Más de 30 casonas históricas restauradas dieron forma a un proyecto de campus patrimonial que integra educación, paisaje y conservación, en uno de los barrios más emblemáticos de la capital.
Por: Tomás Rodríguez Botto
En pleno centro de Santiago, entre la Alameda y la Ruta 5, la Universidad Alberto Hurtado (UAH) consolidó un campus patrimonial más significativos del ámbito urbano-académico en Chile. Se trata de un campus integrado por más de treinta casonas del siglo XIX, restauradas y conectadas mediante una intervención que combinó arquitectura, paisajismo y espacios públicos, transformando un conjunto disperso de edificaciones en un verdadero epicentro urbano.
La iniciativa del campus patrimonial fue desarrollada a lo largo de más de dos décadas, permitió articular un campus de cerca de 44.800 m2, inserto en los barrios Brasil y Yungay —ambos declarados Zona Típica—, donde hoy conviven áreas de docencia, investigación, vida estudiantil, deporte y recreación.
El proceso se inició en 2001, cuando la universidad comenzó a conectar inmuebles que hasta entonces funcionaban de manera aislada, incorporando gradualmente circulaciones, patios, iluminación, mobiliario urbano y señalética, siempre con un criterio de respeto por el valor patrimonial del entorno.

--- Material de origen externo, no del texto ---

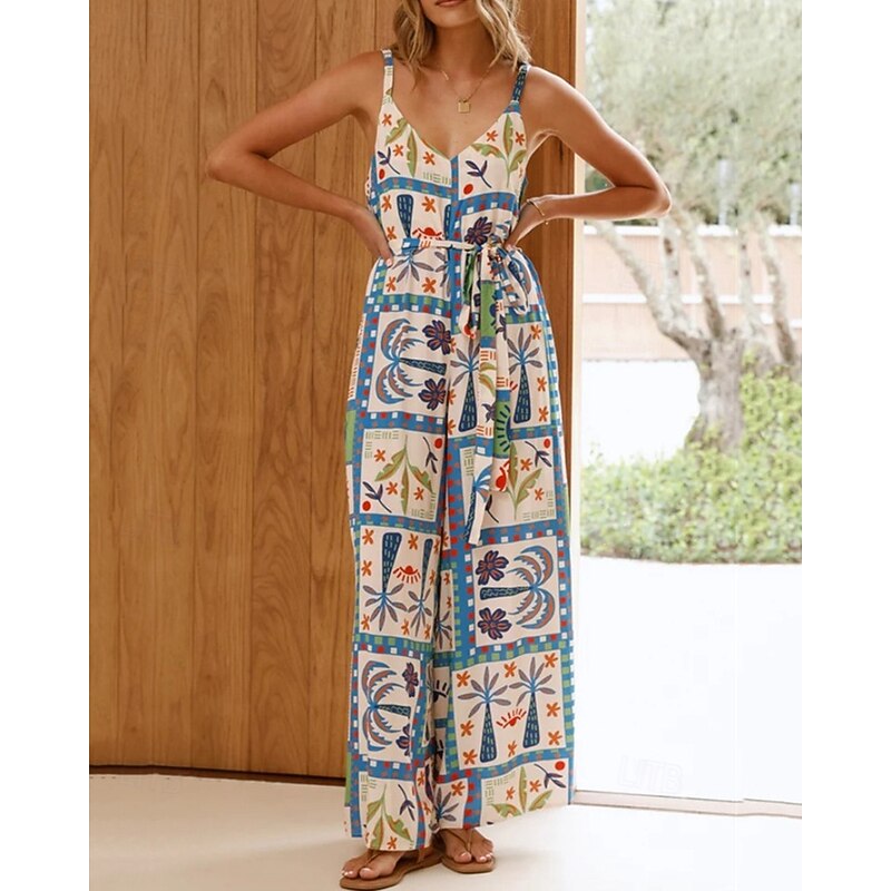 Women's Normal Jumpsuit Casual Floral Sleeveless Wide Leg V Neck Print Street Daily Regular Fit Blue Summer 1

“El proyecto va más allá de reafirmar la presencia de la universidad en el centro de Santiago: es un aporte al barrio y un ejemplo de cómo la arquitectura patrimonial puede integrarse con propuestas contemporáneas, no quedando como un museo, sino como un patrimonio vivo que se utiliza todos los días por estudiantes, funcionarios, académicos y quienes visitan nuestras instalaciones”, comenta Alfredo Blanco, director de Operaciones de la Universidad Alberto Hurtado.
El desarrollo del campus contó con la colaboración de las fundaciones Cosmos y Mar Adentro, cuyos aportes fueron clave en la integración del paisaje, la sostenibilidad y la dimensión social del proyecto. Desde Fundación Cosmos, especializada en arquitectura del paisaje y gestión territorial, subrayan el impacto urbano de la intervención en un sector históricamente tensionado por la densificación y la escasez de áreas verdes.
Por su parte, desde una mirada cultural y educativa, la recuperación del campus también busca reforzar la identidad de los barrios Brasil y Yungay, sectores emblemáticos de Santiago que enfrentan hoy importantes desafíos en materia de conservación patrimonial.